Are you lucky enough to work from home during the COVID-19 pandemic? If the answer is yes, you have probably used Zoom to meet your video conferencing needs. While everyone has used Zoom, it doesn’t mean it’s the best choice. As you may have heard, there are concerns about various leaks, accounts being sold on the dark web, and the attraction of malware attacks.
So if you have to work from home during this time, but you no longer feel comfortable using Zoom, that’s fine. Here are some alternatives to Zoom you should try.
Jitsi is a collection of free and open-source multiplatform voice, video conferencing, and instant messaging for Windows, Linux, Mac OS X and Android. It has features such as call transfer, auto reconnect, call recording, conference calls, encrypted password storage with a master password, encryption for instant messaging and calls, and group video support.
If you’re curious about how to use the group conference feature, go to meet.jit.si For more information.
Skype is as tested, true and free as ever. It has a new feature called “Skype Meet Now”, which can meet up to 50 users at the same time. The bonus is that you don’t need an account to use it, just a link to click on. The downside is that it doesn’t have the big bells and whistles that a paid conference service would have. Still, it’s free and Skype has been around for a while.
In terms of Zoom alternative, Google Hangouts is probably the strongest competitor. The free version of Google Hangouts allows 150 users to connect to a conversation, provided they have a Google account. If you’re willing to pay the cash for the paid version of Hangouts, the world really opens up for you.

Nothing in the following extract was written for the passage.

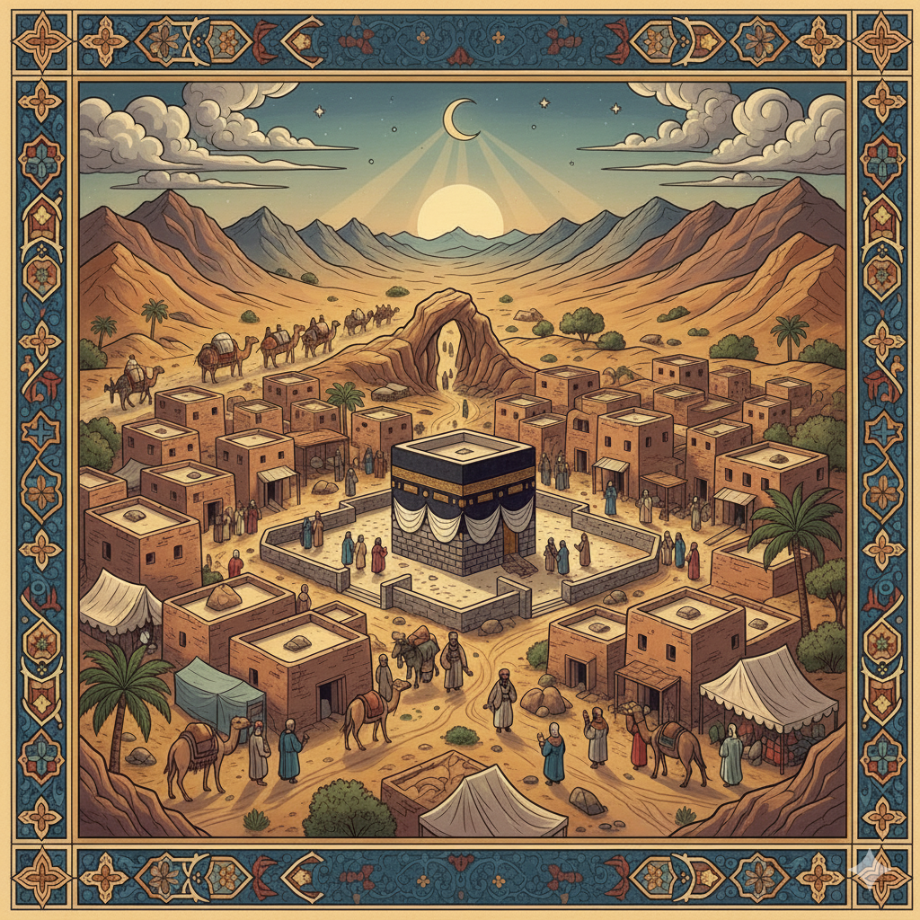 İslamiyet'in ilk dönemlerinde Mekke şehri (Görsel yapay zekâ ile oluşturulmuştur).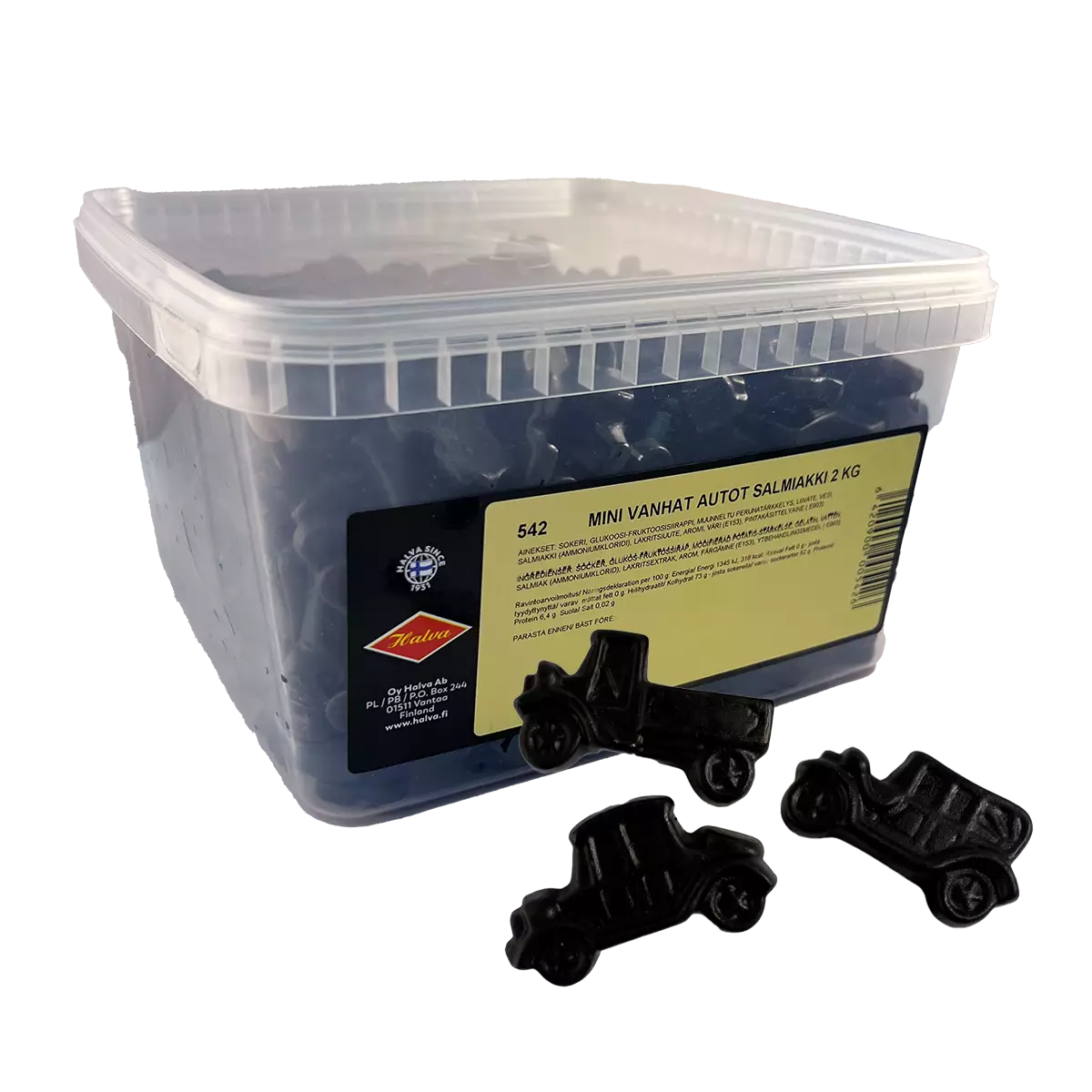 Halvan vanhat autot ovat ikimuistoisia salmiakkikarkkeja. Nyt voit ostaa tukkukoossa kokonaisen 2 kg laatikon näitä klassikkosalmiakkeja. Mini salmiakkiautot ovat hieman pienempiä versioita... Lue lisää

With the paid version of Google Hangouts, you can have 250 participants on a phone call, give presentations, record meetings, and easily send links to people outside your company if needed.
If you’re a gamer, chances are you’ve probably used Discord before. This free communication app gives you an encrypted chat, message and video calls. You can also set up special servers, which can look like Slack’s rooms, that can also host video and text chats. So if you have to split teams, this is easy and intuitive to use. Discord seats 50 people and the app is available on most browsers and devices.